Closed jiamo closed 5 years ago
In case of http/2 and gRPC protocols such model will result in uneven load balancing. For these protocols you will want per-request load balancing, not per-connection load balancing. Gunicorn workers model can give you only per-connection load balancing. I think that it is better to place several grpclib servers behind proxy server, it could be Envoy, Nginx (since 1.13.10), HAProxy (since 1.9.2) or any other proxy server with native http/2 support.
thanks.
Would this method work inside Kubernetes? I have an application that sends data to a service that processes it, and would like to horizontally scale the processors.

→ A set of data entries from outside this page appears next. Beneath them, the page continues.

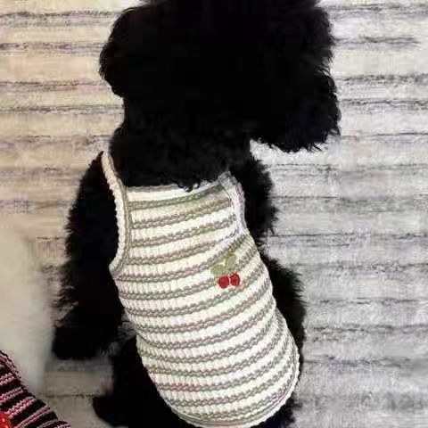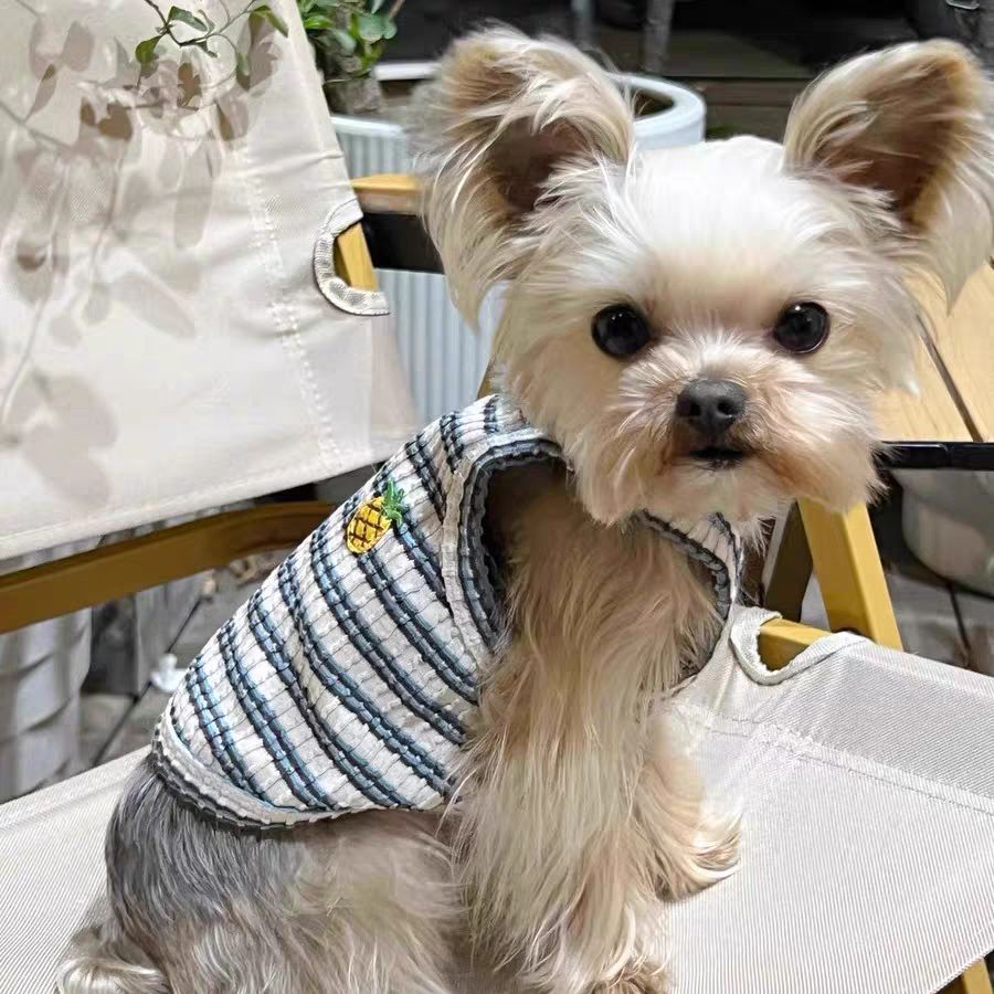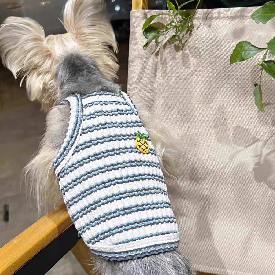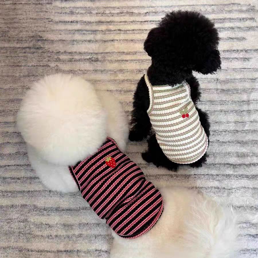 애완동물 봄 여름 과일 자수 멜빵 패션 스트라이프 조끼 강아지 고양이 옷 새끼 강아지 반팔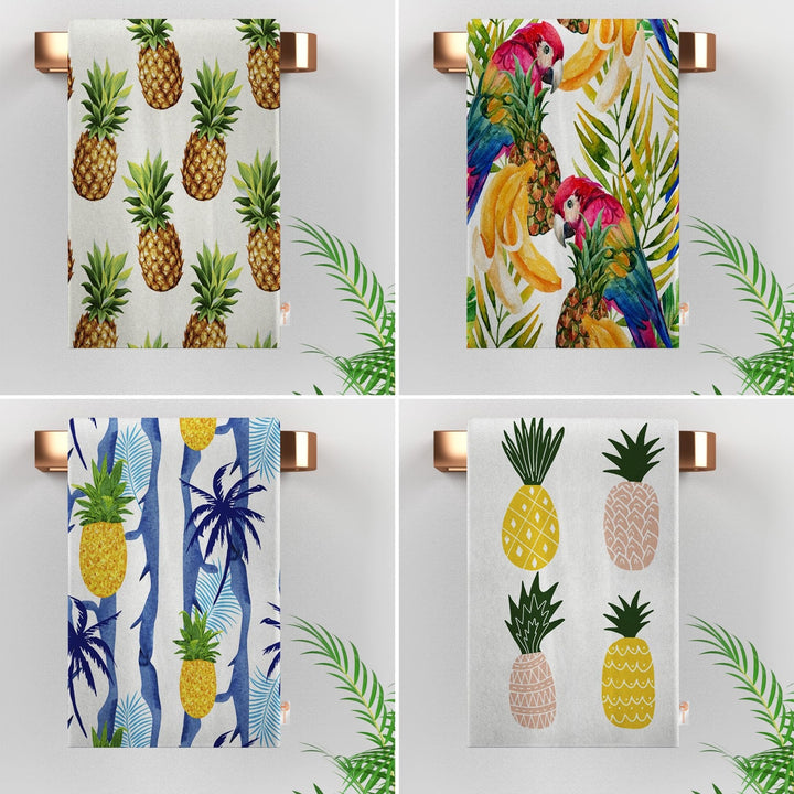 These elegant decorative rectangle kitchen/dish/hand/tea towels with Pineapple and Parrot prints;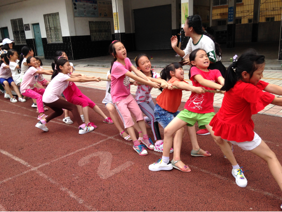 从摸石头过河,到50米赛跑,再到二人三足、拔河,最后的躲避球,我们把竞争与合作的理念以比赛的形式输入到孩子们的心中。看着孩子们为胜利而不懈拼搏的勇往直前,在艰难前面的不服输、一致对外的合作互助,我们明白,这些比赛的初衷,已然达到。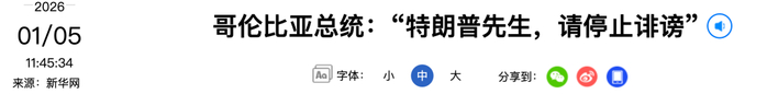 哥伦比亚总统佩特罗4日在社交媒体上发文,要求美国总统特朗普停止对他的诽谤,并强调拉丁美洲人民拥护共和、独立,拒绝拉美地区被美国单方面划为“势力范围”。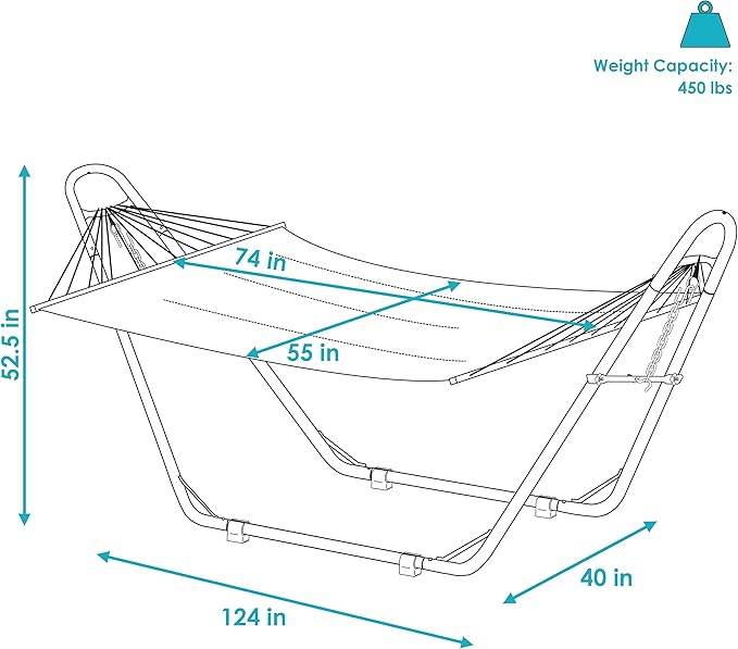 - EXTRA SPACE FOR TWO PEOPLE: This large freestanding quilted hammock with stand measures 125.5" W x 55" D x 52.5" H. The stand dimensions are 124" W x 40" D x 52.5" H, and it weighs 25 lbs. The hammock measures 125.5" W x 55" D x 1" H and weighs 11 lbs. With the included attached chains and hardware, this stand will fit hammocks ranging from 9.5 feet to 14 feet long. The weight capacity is 440 lbs. The overall weight of the hammock and stand is a combined 36 lbs.

With vanilla Kubernetes there is the same problem, connections to the services (using ClusterIP) are load-balanced on a per-connection basis. In order to make load distribution more even you can use service mesh (with sidecar proxies), e.g. Linkerd, Istio.
Thanks for the response, I have just one follow up question.
I'm looking at using Envoy as you mentioned in an above comment (I would like to avoid a service mesh if possible) to accommodate horizontal scaling, but my grpclib server is using stream-stream. I think to make this work, I would need to use unary-unary instead.
Is there a big difference between unary and bistream in terms of performance?
I think that performance is not the reason to choose stream-stream over unary-unary. Difference may be noticeable, grpclib is a pure-Python lib, headers/trailers parsing for every message sent is not free.
It is single process to run server . Is it possible to make server process like a sanic worker which can be a worker in gunicorn?